Hi,
I am following GATK's Best Practice Workflow for germline short variants discovery in single samples. The pipeline is composed of the following steps:
FastqToSam
MarkIlluminaAdapters
FastqToSam
bwa mem
MergeBamAlignment
MarkDuplicates
BaseRecalibrator
ApplyBQRS
ValidateSamFile
HaplotypeCaller
I work with paired-end sequencing data, and mostly each sample has one forward read FASTQ
file, and one reverse read FASTQ
file. However, I have a couple of samples for which sequencing data is divided onto multiple lanes. I have seen that most commands in the pipeline do not allow for multiple lanes input, but only one forward and one reverse (or one unmapped bam and one aligned bam
for MergeBamAlignment
).
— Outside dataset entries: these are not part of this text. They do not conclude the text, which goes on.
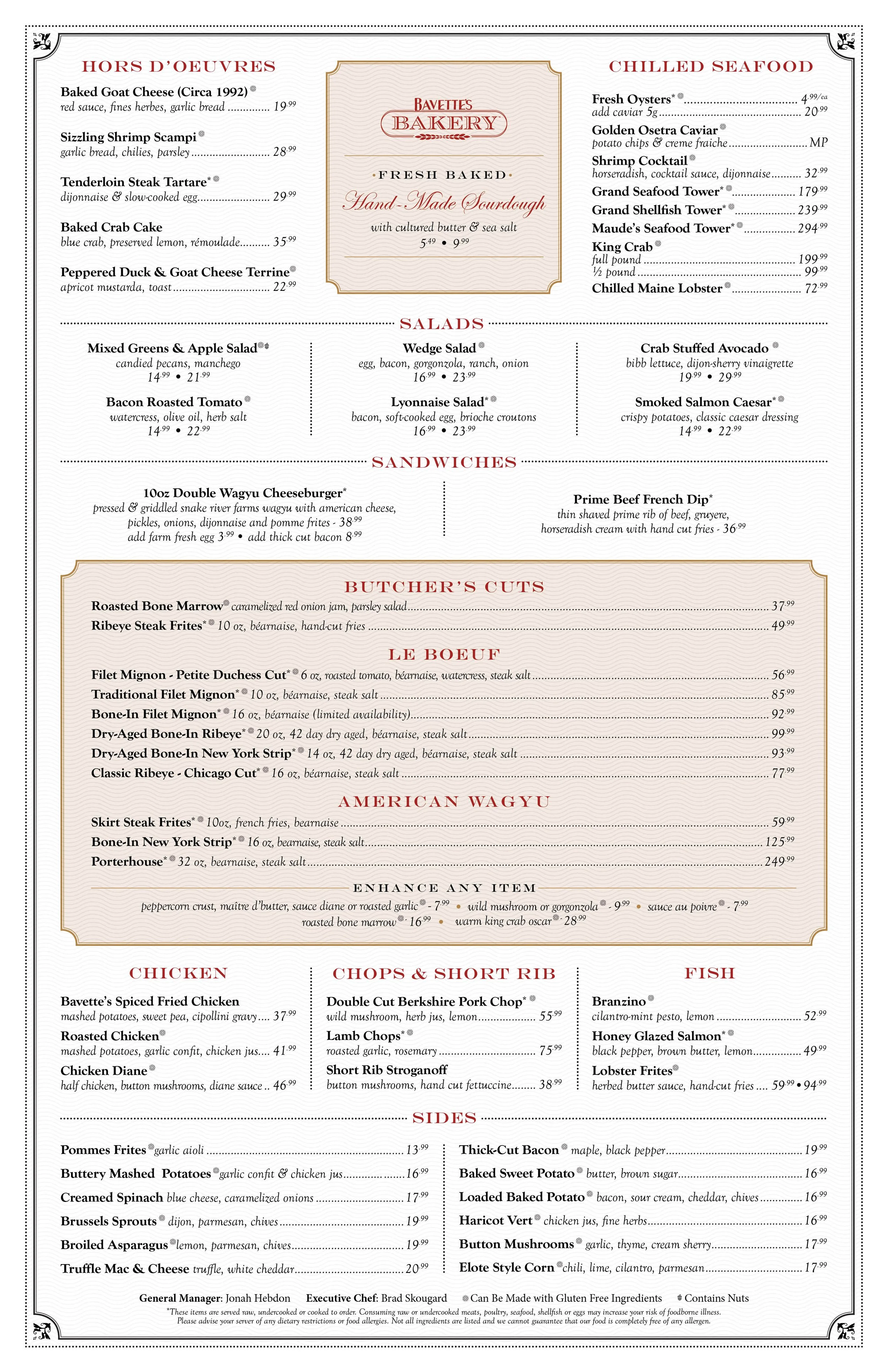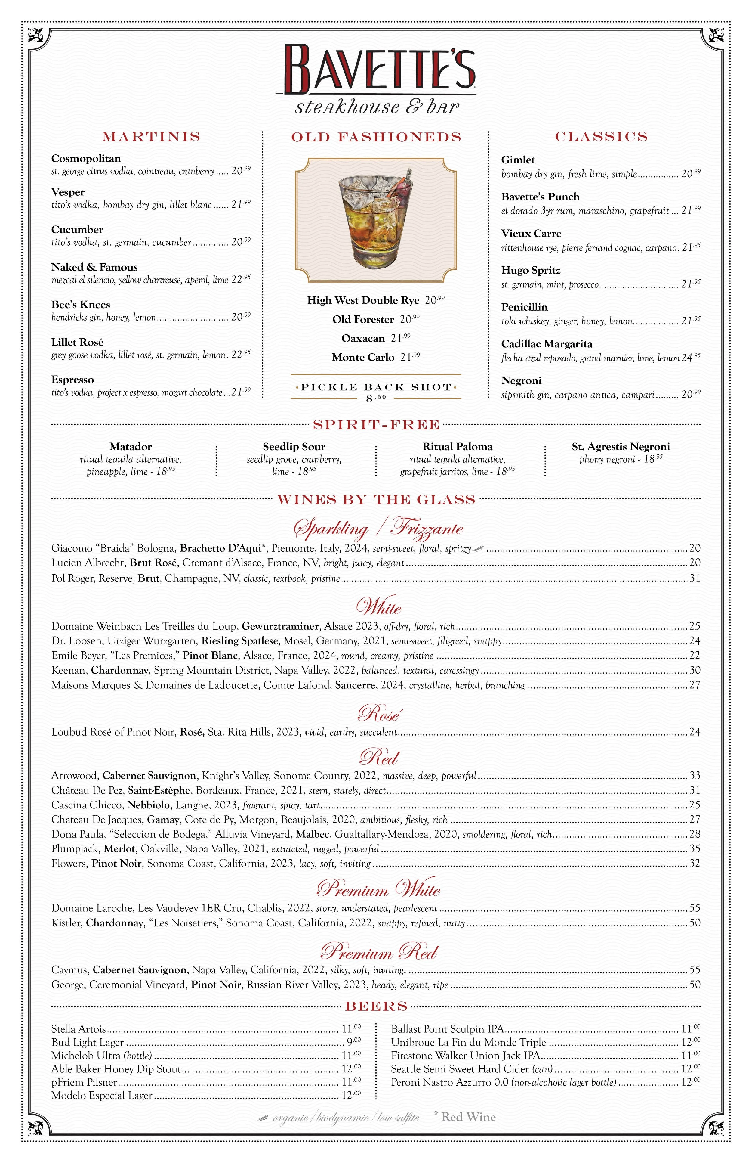 | Bavette's Punch, el dorado 3yr rum, maraschino, grapefruit | 21.99 |
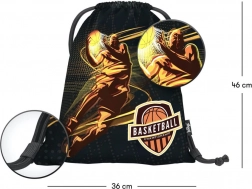 Săculeț sport practic din material rezistent, lavabil, ideal pentru ore de sport, încălțăminte de schimb sau echipament de antrenament. Datorită șnururilor solide se strânge ușor și poate fi purtat confortabil pe spate. Motivul stilat de baschet va încânta toți fanii acestui sport.
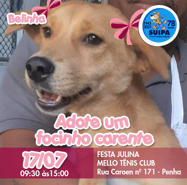Nosso próximo “Adote um Focinho Carente” será neste sábado dia 17/07 na Penha, na Festa Julina do Mello Tênis Clube na Rua Caroen nº 171 das 9:30 às 15:00hs.
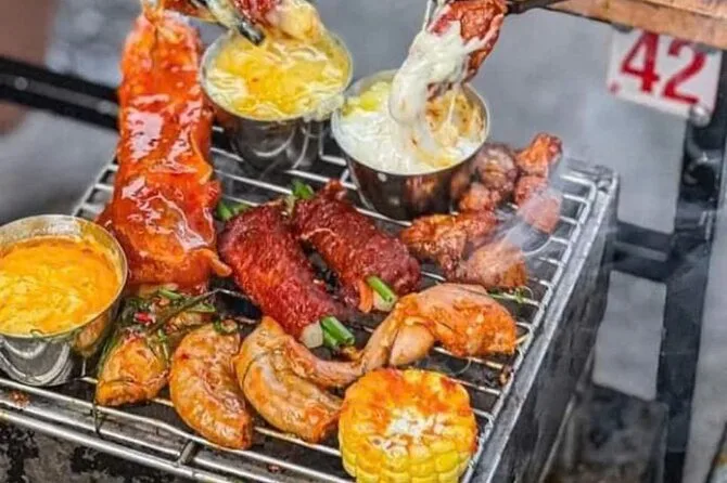 Sim — há um menu com 6 pratos de comida de rua ou um com 7 pratos que inclui frutos do mar/carnes grelhadas e cerveja local.
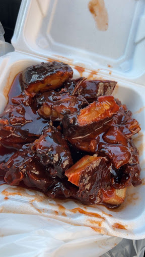 Food: Lord have mercy, we got two rib tip and snoot combo plates, a small potato salad, and an order of tater tots with cheese, and when I tell you, the food was piping hot when it came as soon as we lifted the lid, the smoke that emitted from our food was unreal. It was so good. The first bite was the snoot. We didn’t eat it until we got home, which was about 45 minutes later and it was still hot and the tips were so tender you can bite right through the gristle which is my favorite part. The sauce was like your traditional old school barbecue sauce not tomato based but you know somebody has some blessed hands back there making up the sauce absolutely delicious and finger licking good…. I’m telling you guys if you want some barbecue, they are killing the competition very tasty and very affordable. Don’t sleep on Cals bbq.
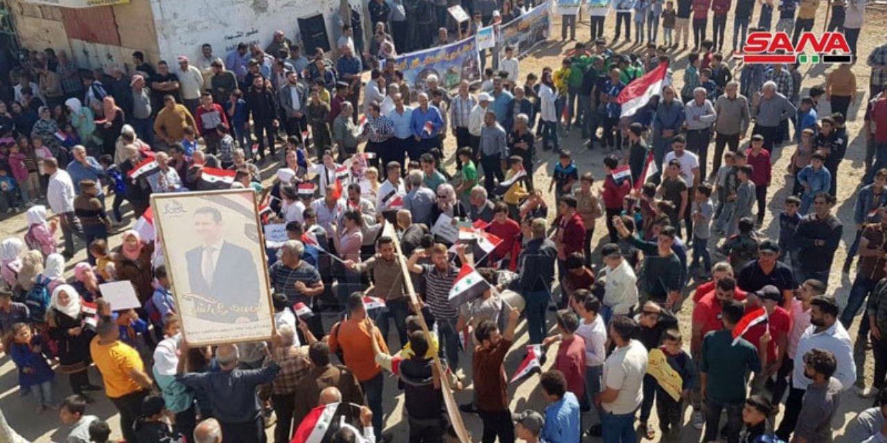 Protestolarda yerel halkın, "Suriye topraklarının birliğine bağlılıklarını ve Suriye'yi bölmeyi amaçlayan saldırgan planları reddettikleri" belirtilirken, "Suriye Arap Ordusu'na olan güvenlerini, birlikteliklerini ve yürüttüğü savaşlara desteklerini" ifade ettikleri kaydedildi.
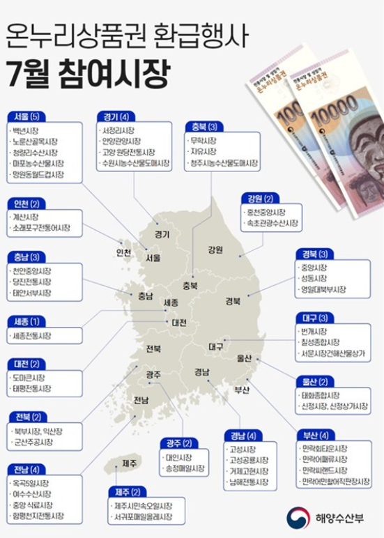 ¸ÕÀú ÁÖ¿ä °ü±¤Áö ¼ö»ê½ÃÀå°ú ÀüÅë½ÃÀå µî¿¡¼ ±¹»ê ¼ö»ê¹°À» ±¸¸ÅÇÑ ¼ÒºñÀڵ鿡°Ô ±¸¸Å±Ý¾×¿¡ µû¶ó ÃÖ´ë 2¸¸ ¿ø±îÁö ¿Â´©¸®»óǰ±ÇÀ» Áö±ÞÇÏ´Â ¡®7¿ù ¿Â´©¸®»óǰ±Ç ȯ±ÞÇà»ç¡¯¸¦ °³ÃÖÇÑ´Ù.
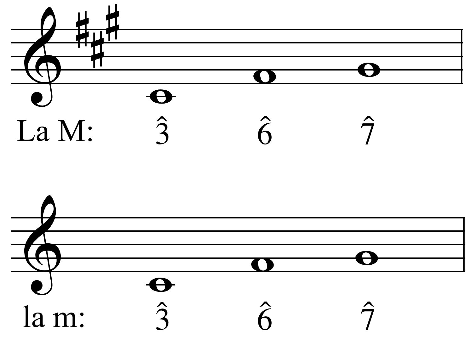 Se comparamos as dúas armaduras dos modos dunha tonalidade calquera, por exemplo as de La maior e La menor, decatarémonos de que os sons diferenciais entre ambas son o 3, o 6 e o 7. O mesmo sucede co resto das tonalidades.

Should I merge all forward and all reverse FASTQ
files before starting the pipeline (quality of each dataset seems comparable according to FastQC/multiQC
) or only later (and, if so, which step would be the best)?
Thanks for your input.
Hi lieven.sterck ,
thanks for the reply. Of course, I will keep samples separated. I was just wondering what best practices would dictate as to when (what step of the pipeline) to merge the various lanes results.
I would say step 1. Personally I join/merge all lanes of a sample into a single file before I do anything with them. (those different lanes sequencing is just a technical thing of the sequencing so you can harmlessly cat them together. Keep the files in sync though!!)